A 5 May 2003 letter from Iran informed the IAEA for the first time of its plan to commence construction in 2003 of a Fuel Manufacturing Plant (FMP) at Esfahan. The stated purpose of the FMP was fabrication of fuel assemblies for the IR-40 and for the Bushehr Nuclear Power Plant (BNPP).
Accoring to Iran, in the early 1990's, when the country decided to reconsider its nuclear program, it was not clear whether it would consist of CANDU reactors, Magnox reactors or light water reactors. Therefore it was decided to include a U-metal production line in the UCF which could also be used to produce shielding material.
Iran had sought to obtain turnkey facilities, such as the UCF, that ostensibly would be used to support fuel production for the Bushehr power plant. However, the UCF could be used in any number of ways to support fissile material production needed for a nuclear weapon, specifically, production of uranium hexafluoride for use as a feedstock for uranium enrichment operations and production of uranium compounds suitable for use as fuel in a plutonium production reactor.
On 10 February 2003 Gholamreza Aqazadeh, the head of Iran's Atomic Energy Organization (AEOI), said that Iran had started an ambitious nuclear energy program and was poised to begin processing uranium. He said that the uranium ore processing plant was expected to come on line soon in the central city of Esfahan and preliminary work had begun on a uranium enrichment plant. Aqazadeh said the first steps had been taken to build an enrichment plant, "but we still have a long way to go to have this plant come onstream." Aqazadeh said the enrichment plant would be built in Kashan (Natanz) in central Iran. The fuel would come from another facility in Esfahan, where a UCF was close to inauguration.
A much-anticipated report by the IAEA, distributed to governments on 6 June 2003 in advance of a meeting of the agency's board of governors on 16 June 2003, concluded that Iran had failed to comply with its nuclear safeguards agreement. The IAEA report revealed Iran was building a previously unacknowledged heavy-water research reactor. That facility could increase Iran's technological options for the production of nuclear weapons. Also published in the report were new Iranian declarations of intentions to establish a Fuel Manufacturing Plant and Zirconium Production Plant, both requisites for creating creating nuclear fuel rods.
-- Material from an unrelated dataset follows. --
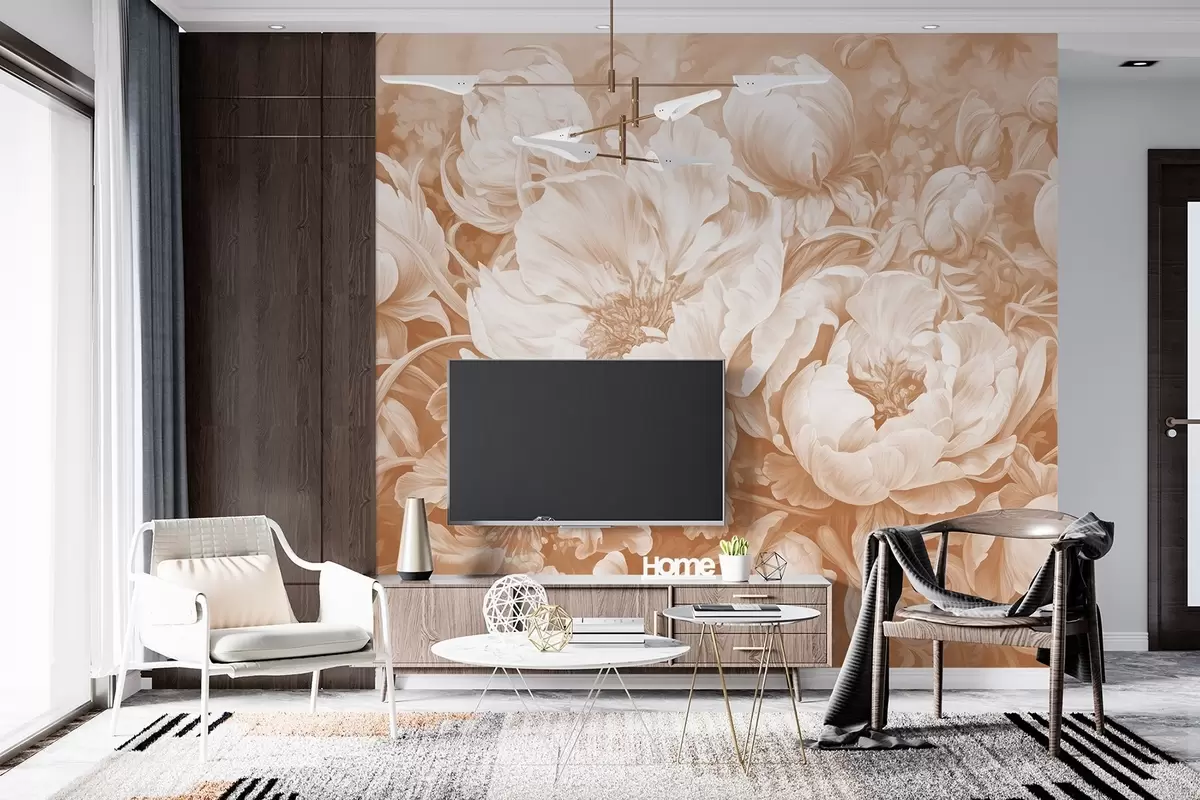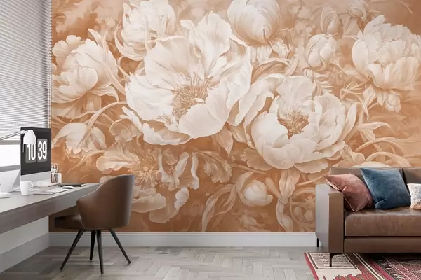 Fotomurales Tulipanes y peonías, una composición floral en estilo pincelada de óleo beige Nr. w08817v1

In the 2003 report, titled Implementation of the NPT safeguards agreement in the Islamic Republic of Iran: Report by the Director General, the Director General of the IAEA identified a number of corrective actions by Iran that were necessary to enable the Agency to verify the previously unreported nuclear material declared to have been imported by Iran in 1991. These actions included the provision of design information on the waste storage facility at Esfahan, and the granting of access to that facility, as well as to Anarak and Qom, where waste resulting from the processing of the imported material was believed to be stored or had been disposed of.
After voluntarily agreeing to suspend nuclear activities at Esfahan's UCF in 2004, Iran notified the IAEA on 1 August 2005 of its intention to resume conversion activities. As of February 2008, Iran had informed the IAEA that the only conversion activities underway were the ones ongoing at the Esfahan UCF.